📖 Introduction: Why This Project?

In daily enterprise operations, data querying is one of the most frequent needs, but the reality is harsh:

  • Business users: Want to query some data? They have to ask IT to write SQL and wait in line for hours.
  • IT engineers: Constantly interrupted by “Can you run a report for me?”, leaving no time for more valuable work.
  • Data analysts: Familiar with SQL but not with the table structures of every business domain — they have to run DESCRIBE every time.

What if users could query the database directly using natural language?

That’s exactly the core mission of the NLP MySQL Smart Data Analysis Platform — enabling non-technical users to ask questions in Chinese, the system automatically translates them into SQL, and returns visual results.
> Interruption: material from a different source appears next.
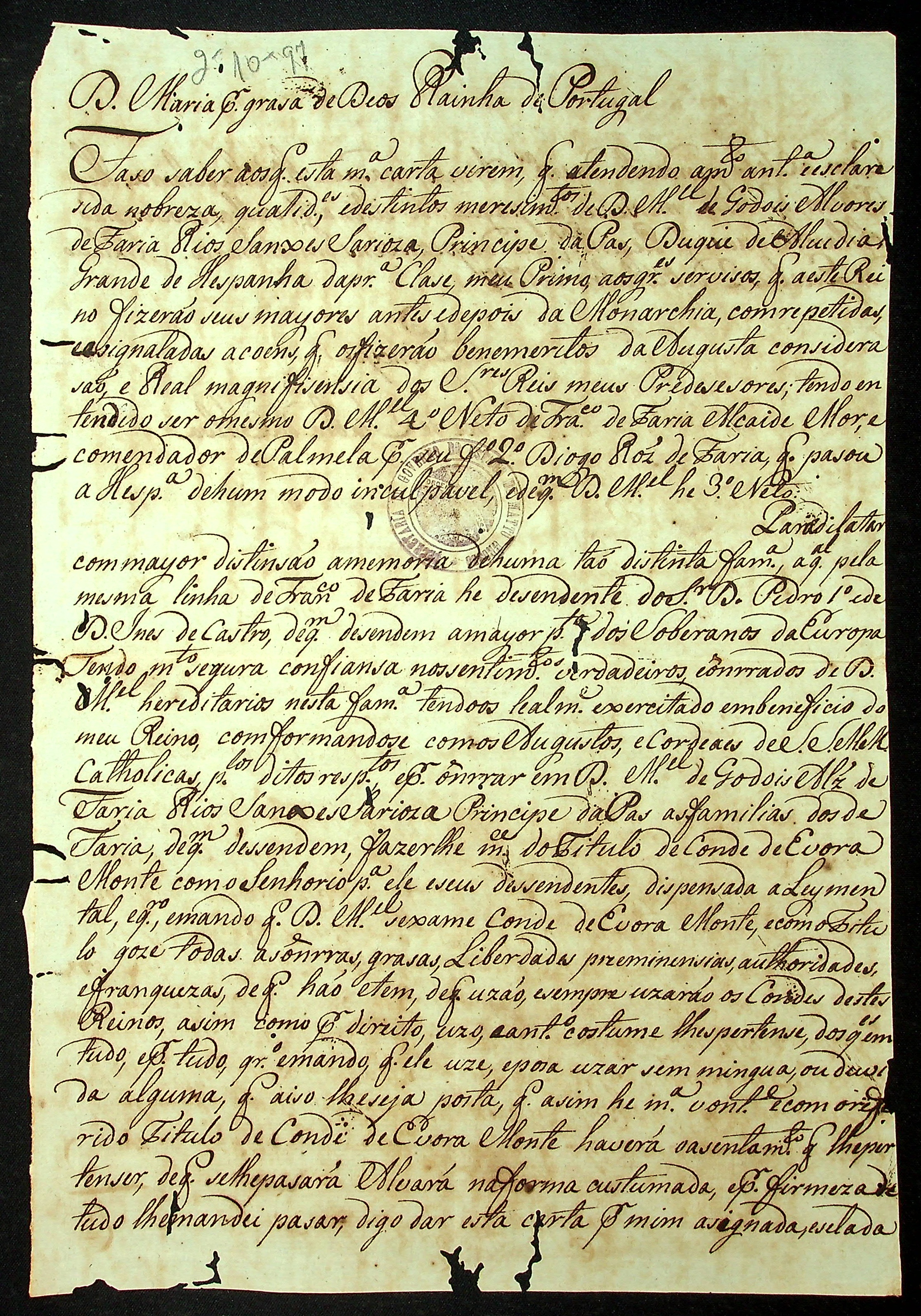 CARTA RÉGIA da Rainha de Portugal D. Maria versa sobre a nobreza de D. Manoel de Godoi Alvares de Faria Rios Sanches Sarioza.

🎯 Core Features at a Glance

1. Smart Chat

1
2
3
User: "Query the sales amount for each category in the last 7 days."
System:
① Understand semantics → ② Generate SQL → ③ Execute query → ④ Return result + chart

Highlights:

  • ✅ Multi-turn conversation context support (“Break down the above data by region”)
  • ✅ Automatic chart type recommendation (Line/Bar/Pie/Metric Card)
  • ✅ One-click generation of analysis reports

2. Data Dashboard

  • 🎨 Drag-and-drop editor: Build dashboards like building blocks
  • Two-stage separation architecture: LLM generates SQL at design time; pure SQL execution at runtime (performance improved 10x)
  • 🔥 One-click quick generation: Enter a single sentence (“Create a sales overview dashboard for me”) — LLM automatically layouts and configures components

3. Metadata Management

  • 🤖 LLM-powered intelligent parsing: Automatically assign Chinese names to tables/columns, infer table relationships
  • 🔗 Visual relationship editing: Graphically maintain foreign key relationships
  • 📊 Semantic model construction: Convert database structures into JSON descriptions that LLM can understand

4. Formula System

  • 📝 Predefined parameterized SQL templates (e.g., “YoY/QoQ calculation”, “TOP N ranking”)
  • ♻️ Reusable in dashboards and chat

🏗️ Technology Stack Selection & Rationale

Backend Stack

Technology Version Why This?
FastAPI 0.100+ ⚡ Native async support + auto-generated OpenAPI docs + Pydantic integration
SQLAlchemy 2.0 (async) 2.0+ 🔀 Supports async/await, avoids blocking the event loop; ORM + Core dual mode
Pydantic v2 2.0+ ✅ Data validation performance improved 5x+; flexible Strict/Loose modes
LiteLLM 1.0+ 🌐 Unified invocation of DeepSeek/OpenAI/Claude and other LLMs; switch models with one line of code
aiomysql 0.2+ 🚀 Async driver for MySQL, works with SQLAlchemy async
Uvicorn 0.24+ ⚡ ASGI server supporting HTTP/2 and WebSocket

💡 Key Decision 1: Why FastAPI Instead of Django/Flask?

1
2
3
4
5
6
# FastAPI async route example
@router.post("/api/chat/{session_id}/message")
async def chat(session_id: int, msg: ChatMessageSend, db: AsyncSession = Depends(get_db)):
# The entire request chain is asynchronous!
result = await chat_engine.chat(db, session_id, msg.message)
return result

Reasons:

  1. Native async/await: Our core flow involves LLM API calls (I/O bound) + database queries (I/O bound). Async significantly improves concurrency.
  2. Auto-generated docs: Frontend colleagues can directly use Swagger UI to debug endpoints.
  3. Deep Pydantic integration: Strongly-typed request/response models reduce parameter validation code by 80%.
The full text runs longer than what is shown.